The technique is called the continuous ambulatory peritoneal dialysis

KOCHI: Many patients with kidney failure in the State are finding it hard to get dialysis done with institutional help. It is in this context that a technique called peritoneal dialysis, which can be done at home, is catching on here.

Nearly 200 patients in the State are on peritoneal dialysis. A woman had been doing it for the last nine years.

The concept was introduced in 1977 by Dimitrios Oreopoulos, Professor of Medicine, University of Toronto, who was in Kochi recently for creating awareness about the technique and speaking about its merits and demerits.

The technique, called the continuous ambulatory peritoneal dialysis (CAPD), can be done at home with minimal extra support. For the aged and children, the method will require help, while others can do it on their own and continue to do their respective jobs. The procedure requires filling up the abdominal cavity with a specially prepared fluid two or three times a day and draining it at appropriate intervals. Waste materials in the body get collected into this fluid through the peritoneum membrane, which is eliminated when the fluid is drained.

The costs continue to be high here, said Dr. Oreopoulus.

However, the solutions used for CAPD have undergone drastic changes, with better ones being brought out by medical companies, he said. There have been quite a few innovations in reducing the rate of infections and loss of proteins from the body, he said. Once the solutions are made here, the cost will definitely come down, he added.

Compared to haemodialysis, the technique is advantageous because it cuts down the frequent visits to hospital, avoids blood loss — problem inherent to haemodialysis and it is more comforting to people with cardiac ailments too. Since it is a continuous process, patients do not develop any swelling in the body or have any breathing problem. It also permits a patient to take a normal diet.

"When I introduced the technique, there were 40 patients ready to try it out." One of his patients had been doing CAPD for the last 23 years, he said. About 8 per cent of his patients have been doing it for the last 10 years, he added.

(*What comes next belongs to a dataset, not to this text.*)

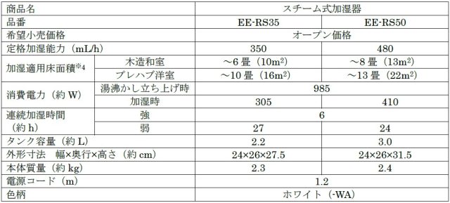 ※5適用床面積の目安 日本電機工業会規格(JEM1426)に基づきプレハブ住宅洋室の場合を最大適用床面積とし、木造和室の場合を最小適用床面積としたもの。■同時発売 スチーム式加湿器(EE-RS型)

This treatment modality is not in competition with other modalities, he said. All the three modalities during a renal failure are complementary to each other, Prof. Oreopoulus said. Haemodialysis, peritoneal dialysis and kidney transplant are the three modalities.

Worldwide, only 15 per cent of renal failure patients are on peritoneal dialysis, while the rest are on haemodialysis, he said.

The disadvantages are development of peritonitis, an infection of the peritoneum because of the use of catheter used to fill the fluid into the abdomen and drain it; is a common infection and there will be damage to the peritoneum membrane because of the high concentration of solution. One of the side effects can be a rise in the blood sugar level too. Pharmaceutical companies have developed better solutions to beat these disadvantages, Dr. Oreopoulus said. Better solutions at a better cost will definitely help in many renal-failure patients lead quality life, he added.